→ **About this exercise**:
Below are some records. Return exactly their lines from the one containing "Make stunning 360" through the one containing "既設トイレ後が目立つのが嫌なので、床のみの貼替をご希望されました。", and drop the pictures.
-------- Dataset --------
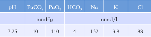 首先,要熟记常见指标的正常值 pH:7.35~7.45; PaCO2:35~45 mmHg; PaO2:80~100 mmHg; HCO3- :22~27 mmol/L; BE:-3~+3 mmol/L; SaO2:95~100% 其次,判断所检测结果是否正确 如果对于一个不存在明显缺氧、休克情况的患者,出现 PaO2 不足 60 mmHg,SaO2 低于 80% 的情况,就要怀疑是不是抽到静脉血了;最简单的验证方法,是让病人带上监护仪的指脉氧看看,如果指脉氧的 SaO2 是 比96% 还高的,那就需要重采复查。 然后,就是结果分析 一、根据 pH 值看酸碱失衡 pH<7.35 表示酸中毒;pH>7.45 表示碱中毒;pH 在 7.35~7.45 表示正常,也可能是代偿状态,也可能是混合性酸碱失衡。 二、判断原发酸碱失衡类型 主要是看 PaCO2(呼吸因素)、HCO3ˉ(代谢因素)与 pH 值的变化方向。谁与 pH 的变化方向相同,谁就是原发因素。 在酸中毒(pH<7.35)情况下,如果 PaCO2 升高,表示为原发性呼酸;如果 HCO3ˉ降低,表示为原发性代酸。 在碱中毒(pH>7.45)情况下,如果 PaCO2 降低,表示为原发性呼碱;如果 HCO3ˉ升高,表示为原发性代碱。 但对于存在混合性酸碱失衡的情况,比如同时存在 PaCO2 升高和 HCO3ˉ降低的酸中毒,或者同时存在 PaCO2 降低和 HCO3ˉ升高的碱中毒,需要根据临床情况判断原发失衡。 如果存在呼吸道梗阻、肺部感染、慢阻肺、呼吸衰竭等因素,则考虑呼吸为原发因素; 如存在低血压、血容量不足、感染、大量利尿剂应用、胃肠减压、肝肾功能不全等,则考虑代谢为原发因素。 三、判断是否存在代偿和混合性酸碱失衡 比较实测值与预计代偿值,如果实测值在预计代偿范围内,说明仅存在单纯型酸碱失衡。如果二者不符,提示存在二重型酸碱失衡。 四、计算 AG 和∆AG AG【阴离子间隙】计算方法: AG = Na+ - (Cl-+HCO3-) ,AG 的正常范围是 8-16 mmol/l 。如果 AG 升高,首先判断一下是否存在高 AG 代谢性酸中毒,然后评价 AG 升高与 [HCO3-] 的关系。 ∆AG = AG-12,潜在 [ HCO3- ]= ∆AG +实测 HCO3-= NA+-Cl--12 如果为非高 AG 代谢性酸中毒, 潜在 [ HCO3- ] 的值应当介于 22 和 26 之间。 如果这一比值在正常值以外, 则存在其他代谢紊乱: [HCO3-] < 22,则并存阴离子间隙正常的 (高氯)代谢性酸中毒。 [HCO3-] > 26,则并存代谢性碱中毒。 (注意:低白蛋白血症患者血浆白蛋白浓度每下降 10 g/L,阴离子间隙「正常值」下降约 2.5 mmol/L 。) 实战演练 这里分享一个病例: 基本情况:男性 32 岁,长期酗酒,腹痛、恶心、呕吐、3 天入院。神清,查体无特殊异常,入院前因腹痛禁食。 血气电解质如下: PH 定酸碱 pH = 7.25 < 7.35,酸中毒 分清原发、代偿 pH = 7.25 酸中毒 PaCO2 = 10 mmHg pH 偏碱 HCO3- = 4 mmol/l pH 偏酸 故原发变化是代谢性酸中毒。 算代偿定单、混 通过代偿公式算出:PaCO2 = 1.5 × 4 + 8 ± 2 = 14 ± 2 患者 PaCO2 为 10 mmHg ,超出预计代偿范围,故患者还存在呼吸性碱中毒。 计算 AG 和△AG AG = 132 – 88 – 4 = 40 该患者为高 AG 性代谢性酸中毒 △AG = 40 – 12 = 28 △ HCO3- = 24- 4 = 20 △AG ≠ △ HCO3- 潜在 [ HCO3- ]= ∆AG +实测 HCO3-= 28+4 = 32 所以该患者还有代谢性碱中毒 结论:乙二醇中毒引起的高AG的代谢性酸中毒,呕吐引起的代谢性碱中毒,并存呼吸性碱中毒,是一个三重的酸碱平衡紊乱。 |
--------
-------- Dataset --------
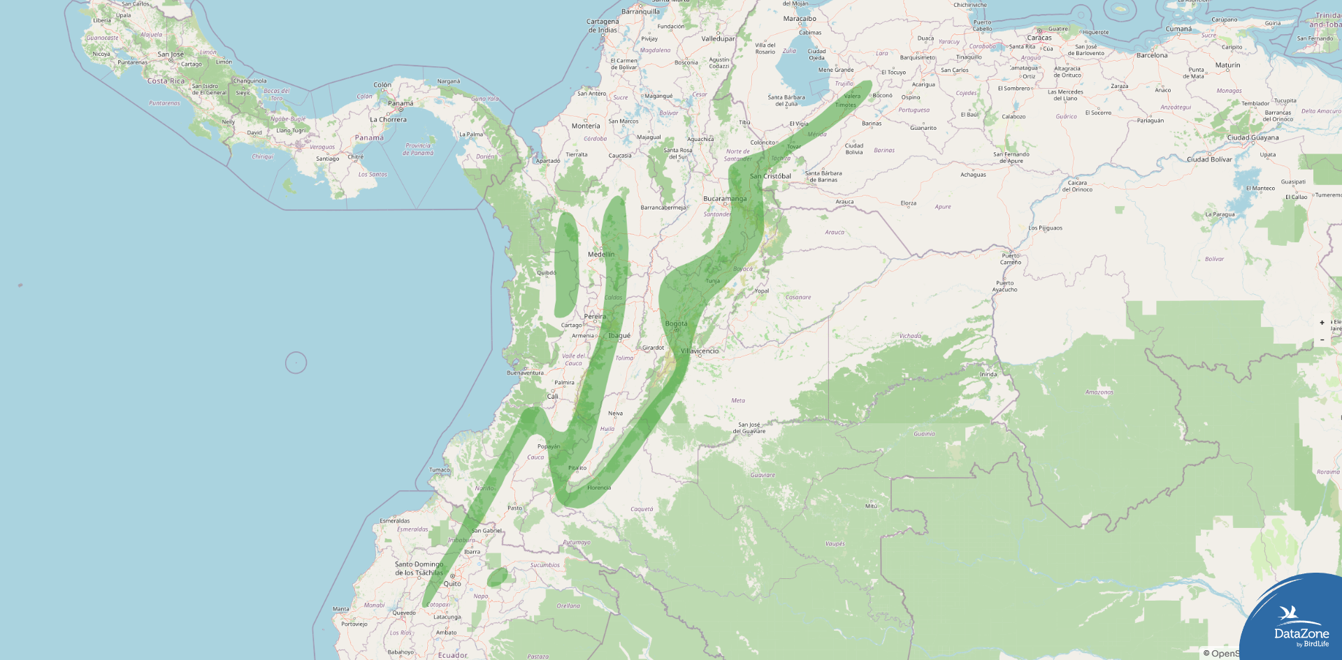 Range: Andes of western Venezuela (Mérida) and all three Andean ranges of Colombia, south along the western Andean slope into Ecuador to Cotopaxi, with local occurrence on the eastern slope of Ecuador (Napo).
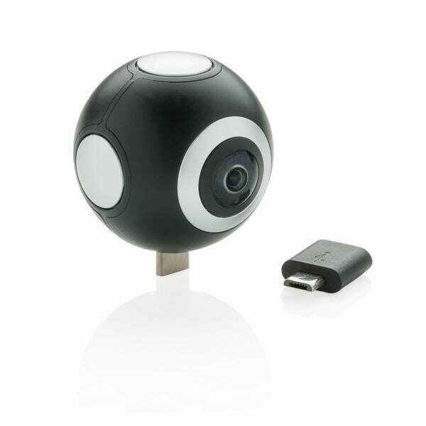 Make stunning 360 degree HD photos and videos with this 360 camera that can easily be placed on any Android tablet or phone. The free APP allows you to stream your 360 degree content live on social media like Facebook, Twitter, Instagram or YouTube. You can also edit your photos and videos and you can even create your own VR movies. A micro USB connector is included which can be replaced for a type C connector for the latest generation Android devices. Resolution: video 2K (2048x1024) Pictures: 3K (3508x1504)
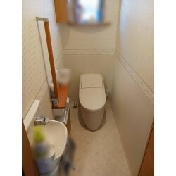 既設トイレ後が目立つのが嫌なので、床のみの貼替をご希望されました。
--------
-------- Dataset --------
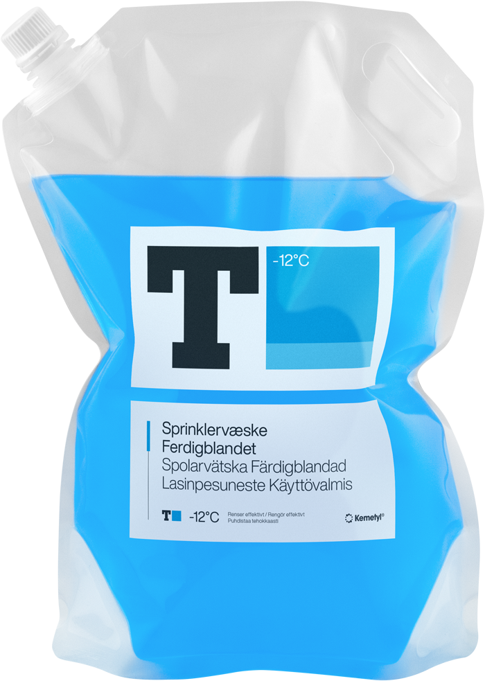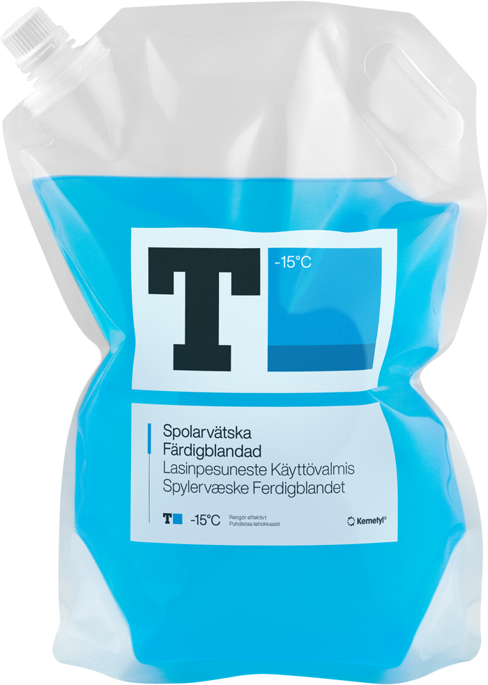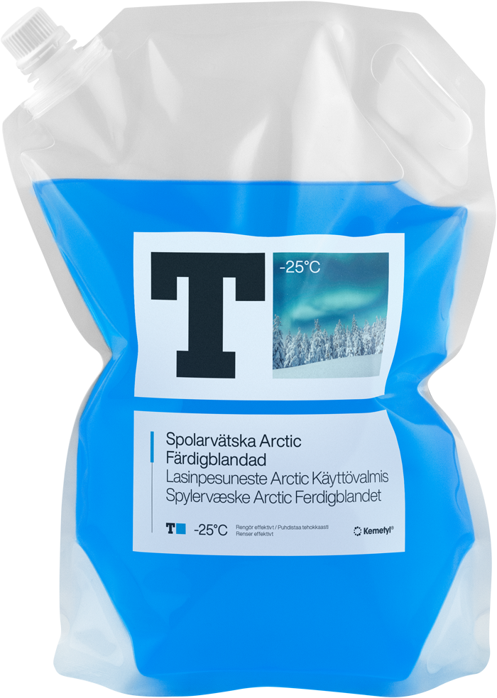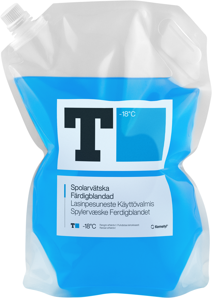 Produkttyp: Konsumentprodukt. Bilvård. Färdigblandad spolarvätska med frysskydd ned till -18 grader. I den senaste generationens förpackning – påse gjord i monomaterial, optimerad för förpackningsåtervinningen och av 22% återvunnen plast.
--------
→ **Worked solution**:
 Make stunning 360 degree HD photos and videos with this 360 camera that can easily be placed on any Android tablet or phone. The free APP allows you to stream your 360 degree content live on social media like Facebook, Twitter, Instagram or YouTube. You can also edit your photos and videos and you can even create your own VR movies. A micro USB connector is included which can be replaced for a type C connector for the latest generation Android devices. Resolution: video 2K (2048x1024) Pictures: 3K (3508x1504)
 既設トイレ後が目立つのが嫌なので、床のみの貼替をご希望されました。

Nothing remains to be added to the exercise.